Not quite sure what they are? OK, its like this … these antiparticles are simply the oppositely charged twins of normal particles.
Generating antihydrogen has of course been done before, that’s not new. What is different here is that they have managed to trap the particles for the first time. Now an experiment called the Antihydrogen Laser Physics Apparatus (ALPHA) at the CERN particle physics laboratory near Geneva, Switzerland, has finally managed to ensnare atoms of antihydrogen. What they did was to combine antiprotons from CERN’s Antiproton Decelerator ring with positrons emitted by a radioactive isotope of sodium … then … this is the new bit … they manipulated the anti-atoms magnetically.
the ALPHA team members tried to create sluggish anti-atoms by bouncing antiprotons at -70 °C off much colder positrons at -230 °C. The antiprotons lost energy in the collisions before some finally combined with the positrons to form antihydrogen. The slowest anti-atoms, at a temperature of just -272.5 °C, then became trapped in a powerful cylinder-shaped magnetic field created by superconducting magnets. The field was then turned off so the antihydrogen could annihilate with normal matter, creating particles that silicon detectors picked up.

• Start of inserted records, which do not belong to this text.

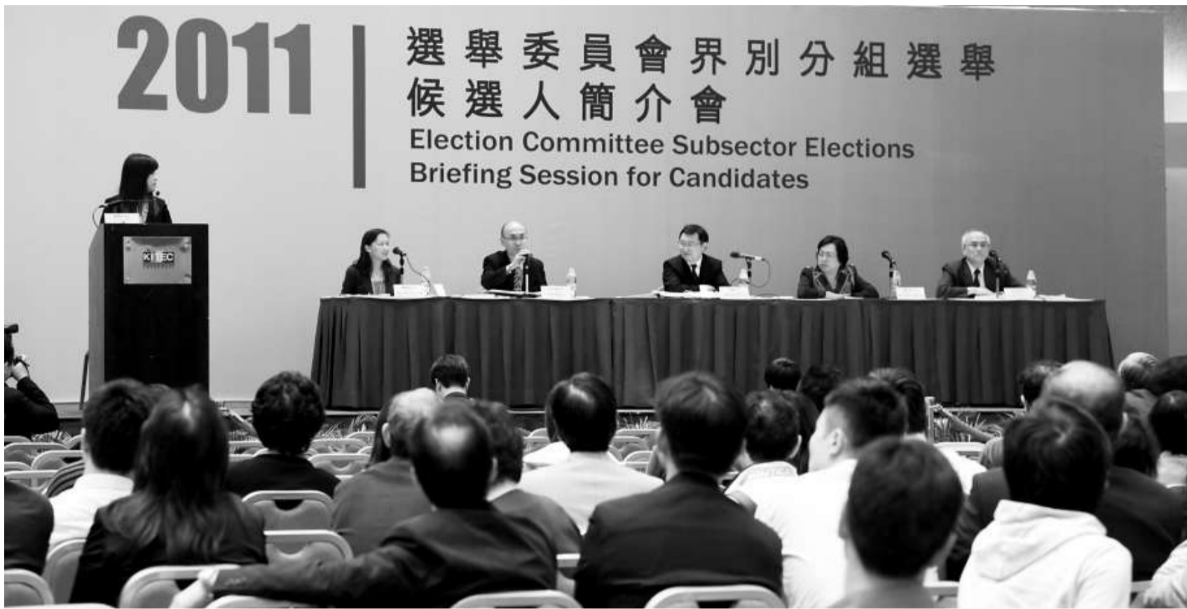
▶ 選舉管理委員會昨起為選委候選人舉行簡介會

有參選人就問到若她出席朋友婚宴，而該朋友及在場嘉賓為其選民，她所送出的禮金會否涉及賄選。廉政公署的代表解釋，若候選人未藉禮金交換選票，只是正常的社交禮儀，不會構成違法行為。不過馮驊補充時提到，若席間有人自發助其拉票，可能要計算選舉經費，呼籲候選人或需要避席。選管會今早及下午會為餘下界別作簡介。
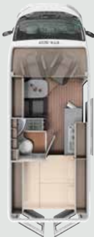
CV 600 DB
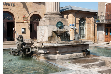
Vue de trois quart des bassins. IVR43_20102501098NUC4A
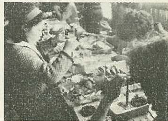
講習会での核入れ実習

昨年は、波多津町から新人が国立大村真珠研究所に派遣され技術を身につけて帰り、いま養殖事業と取り組んでおられます。
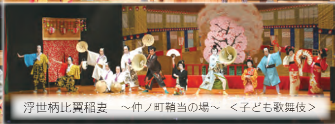
浮世柄比翼稲妻 ～仲ノ町鞘当の場～ <子ども歌舞伎>

Now don’t get too excited here … this is not about the creation of an antimatter device for military use. Having done this experiment over 335 times, they only ended up with 38 of these antihydrogen atoms. This now puts them in the position of being able to test whether anti-atoms obey the same physical laws as regular atoms. For example, matter and antimatter should absorb and emit light at the same wavelengths, according to the standard model of particle physics.
“This is an encouraging step towards the goal that I laid out long ago – to confine useful numbers of cold antihydrogen atoms long enough for precise laser spectroscopy,” says Gerald Gabrielse of Harvard University. He heads a rival experiment at CERN called ATRAP.
If the spectrum of antihydrogen does not match that of ordinary hydrogen, it would leave the standard model in disarray. But any discrepancies could shed light on the long-standing mystery of why the universe is dominated by matter when the big bang should have created equal amounts of matter and antimatter, Gabrielse says.
You can read more about all this in New Scientist by clicking here.
So, Dan Brown aside, its exciting stuff and allows us to push the boundaries of our understanding even further.